Dataset records

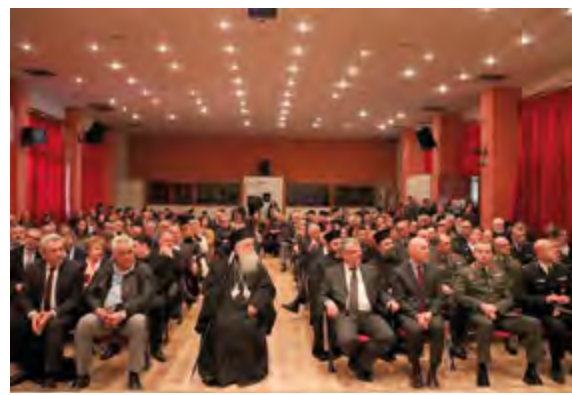
Η αίθουσα Εκδηλώσεων του Δημαρχείου ύπερπλήρης

ρούν πιο πάνω, όπου υπάρχει μια γή πολύπαθη σαν την Κύπρο. Είναι ή γή
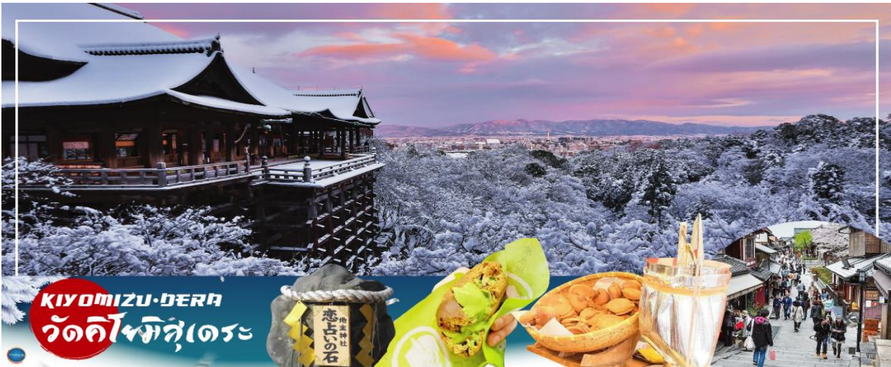
KIYOMIZU-DERA วัดคิโยมิตสึเดระ
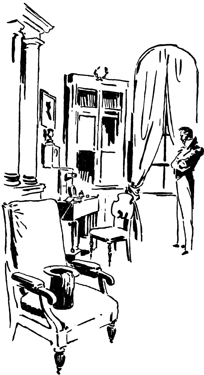
Пушкинский кабинет ИРЛИ
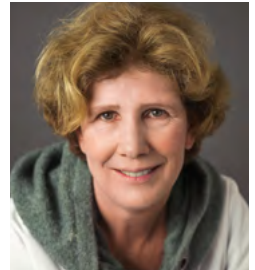
A. Kofel Pflegefachfrau DN I
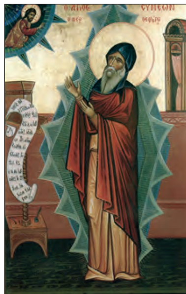
Συμεών ο Νέος Θεολόγος

Συμεών ο Νέος Θεολόγος, 'Υμνοι, ΚΘ', ΕΠΕ, έκδ. Μερετάκη «Το Βυζάντιον», Πατερικαὶ ἐκδόσεις Γρηγόριος ὁ Παλαμᾶς, Θεσσαλονίκη, 1989, σσ. 34-57 (επιλογή)
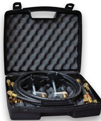
Opcjonalny zestaw do płukania*
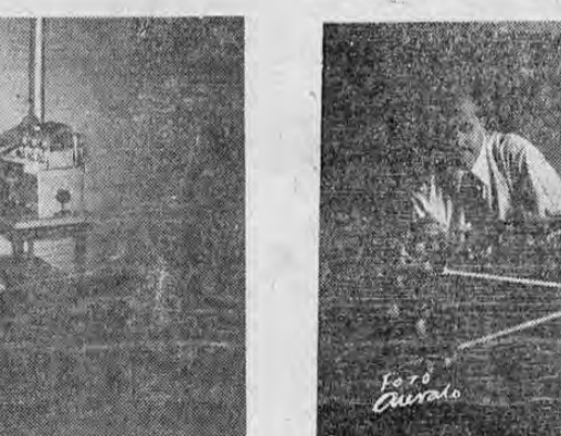
Muestran las gráficas varios aspectos de las sesiones que en la Conferencia del Café está celebrando el bloque Centro América...
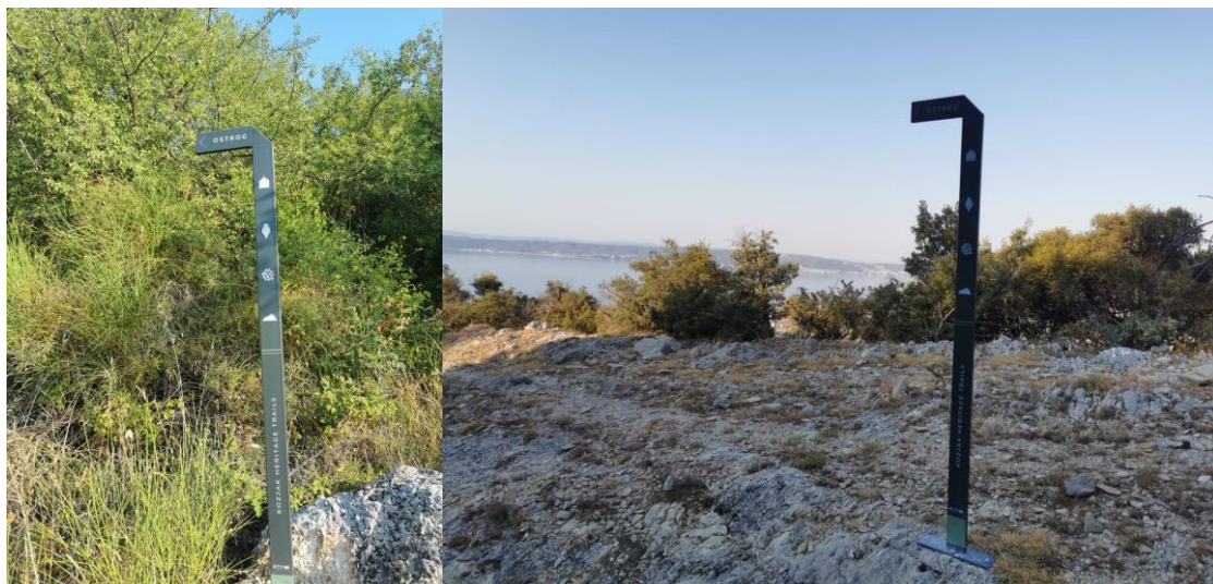
Guide signs 3 and 4
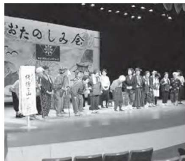
▲会員による芝居の様子
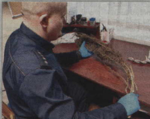
W domu zatrzymanego odnaleziono m.in. ok. 35 gram zielono-brązowego suszu roślinnego, ponad 55 gram białego proszku, 60 żółtych tabletek oraz wysuszony krzak roślinny.
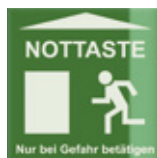
Targhetta pulsante di emergenza Emergency button sign
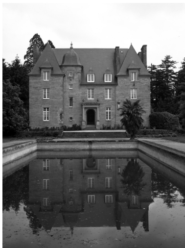
Vue générale : état en 1986
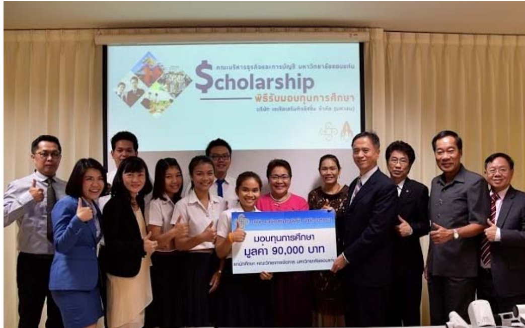
คณะวิทยาการจัดการ สาขาการเงิน / สาขาการตลาด มหาวิทยาลัยขอนแก่น จ.ขอนแก่น จำนวน 3 ทุน ทุนละ 30,000 บาท รวมมูลค่า 90,000 บาท โดยจัดพิธีมอบทุนในวันที่ 12 กรกฎาคม 2559
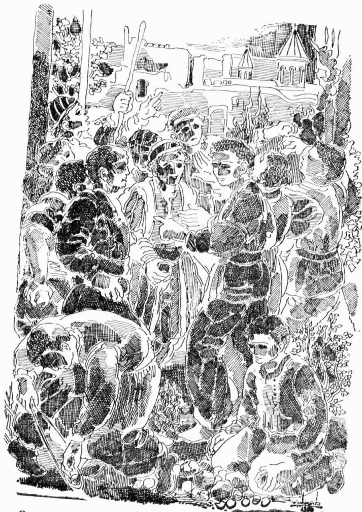
Ոսկի Գրիգոր պարսատիկին մէջ սուր քար մը վետեղեց եւ...

Թին տակէն ծիծաղեցաւ, Փլլիթիքոսի այս ծամուած պատառը կլլելուն վրայ... :
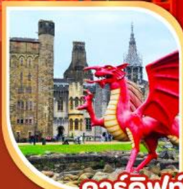
คาร์ดิฟฟ์

◆ **Work instructions**: What is needed is an exact copy of every entry, with the pictures removed.

◆ **Exercise answer**:
Η αίθουσα Εκδηλώσεων του Δημαρχείου ύπερπλήρης

ρούν πιο πάνω, όπου υπάρχει μια γή πολύπαθη σαν την Κύπρο. Είναι ή γή
KIYOMIZU-DERA วัดคิโยมิตสึเดระ
Пушкинский кабинет ИРЛИ
A. Kofel Pflegefachfrau DN I
Συμεών ο Νέος Θεολόγος

Συμεών ο Νέος Θεολόγος, 'Υμνοι, ΚΘ', ΕΠΕ, έκδ. Μερετάκη «Το Βυζάντιον», Πατερικαὶ ἐκδόσεις Γρηγόριος ὁ Παλαμᾶς, Θεσσαλονίκη, 1989, σσ. 34-57 (επιλογή)
Opcjonalny zestaw do płukania*
Muestran las gráficas varios aspectos de las sesiones que en la Conferencia del Café está celebrando el bloque Centro América...
Guide signs 3 and 4
▲会員による芝居の様子
W domu zatrzymanego odnaleziono m.in. ok. 35 gram zielono-brązowego suszu roślinnego, ponad 55 gram białego proszku, 60 żółtych tabletek oraz wysuszony krzak roślinny.
Targhetta pulsante di emergenza Emergency button sign
Vue générale : état en 1986
คณะวิทยาการจัดการ สาขาการเงิน / สาขาการตลาด มหาวิทยาลัยขอนแก่น จ.ขอนแก่น จำนวน 3 ทุน ทุนละ 30,000 บาท รวมมูลค่า 90,000 บาท โดยจัดพิธีมอบทุนในวันที่ 12 กรกฎาคม 2559
Ոսկի Գրիգոր պարսատիկին մէջ սուր քար մը վետեղեց եւ...

Թին տակէն ծիծաղեցաւ, Փլլիթիքոսի այս ծամուած պատառը կլլելուն վրայ... :
คาร์ดิฟฟ์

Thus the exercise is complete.